I am sitting next to a cannibal inside a train. How do I know this? He smells disgusting, like rotting flesh from a corpse of a dead animal you might find in a shed, in a drain, or under your front porch. Not only that, he keeps muttering to himself about how everyone smells delicious… I want to move to a different seat, to stand even, but I cannot. The train is packed; there are no free seats and there are people standing in the way, too.
It’s the worst kind of luck, really. Here I am on the way to London sat next to a man twice my age who stinks of flesh and as if he has not showered in days. He is unshaven and dirt taints his skin a darker colour than what it is underneath, or at least, so I presume. I shall definitely be reporting him to the authorities once I arrive at London. For now I am as far away from him in the booth as possible, pressed against the glass of the window as I write this. I can see the smoke from the train blast by the window sometimes, as I watch the scenery speed by.
I am attempting to ignore him by distracting myself by the beautiful countryside I can see along the way, and by studying the others on the train.

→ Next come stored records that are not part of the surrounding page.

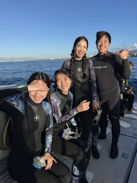ハワイアンブルーの海がいいですね! ボートでのファンダイビングをエンジョイしていただきました!!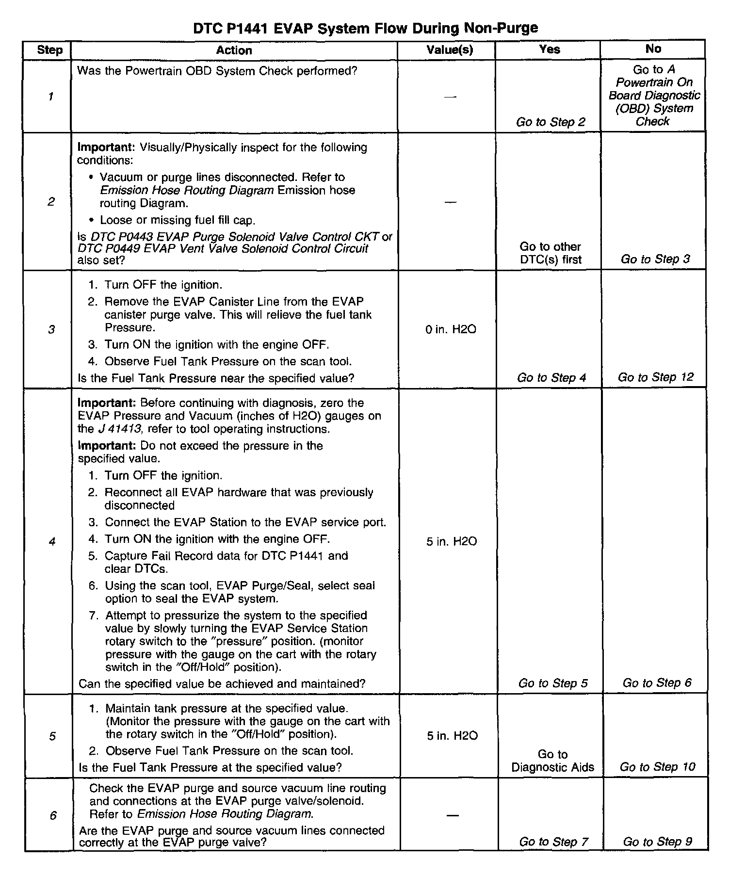 ^ If the harness appears to be OK, connect the J41413 to the EVAP service port, pressurize the EVAP system to 10 in. H2O and observe the Fuel Tank Pressure display on the scan tool while moving connectors and wiring harnesses related to the EVAP purge valve. A sudden change in the display will indicate the location of the malfunction.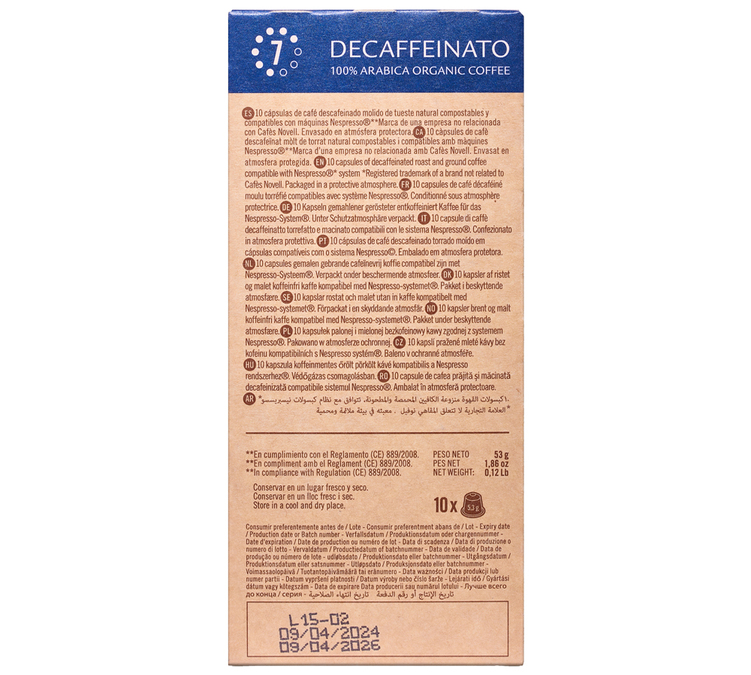 | 50 capsules compatibles Nespresso® Decaffeinato Bio – NOVELL | |

He keeps looking at me in this, this weird, creepy way. It’s scaring me. I just asked the train attendant if I could move, and he gave me a pitying look before shaking his head. Maybe this man won’t hurt me… I hope he won’t.
He keeps brushing his hand against my arm, or even grabbing my wrist! He let go but it’s scaring me deeply. I’m begged the train attendant to let me move but he says I can’t and I can’t edge past this man I am sat next to because the booth is too small to do so!
I’m terrified that something might happen to me, so I am writing this as I tremble and attempt not to cry… If you ever read this, I love you so, so much and you’re the best parents anyone could ever wish for. I’m sorry for every time I was rude or crude and I’m sorry for any trouble I’ve given you throughout the years. You mean the world to me and I love you so much.
All my love, Sara.
This is it, this is the last straw! He grabbed my hand and pulled it to his mouth before he licked it, I managed to yank it away and in just a moment I am forcing my way out and moving, I’ll squeeze into the tiniest corner just to get away from him! This will be my last entry for no~
The writing in that diary trailed off into a squiggle and then a massive ink spill across the page…
Days later, a story emerged in the newspaper:
15th of October, 1830
Woman Hospitalised After Attack By Cannibal On Train | Arm Badly Injured, 30 Stitches Needed.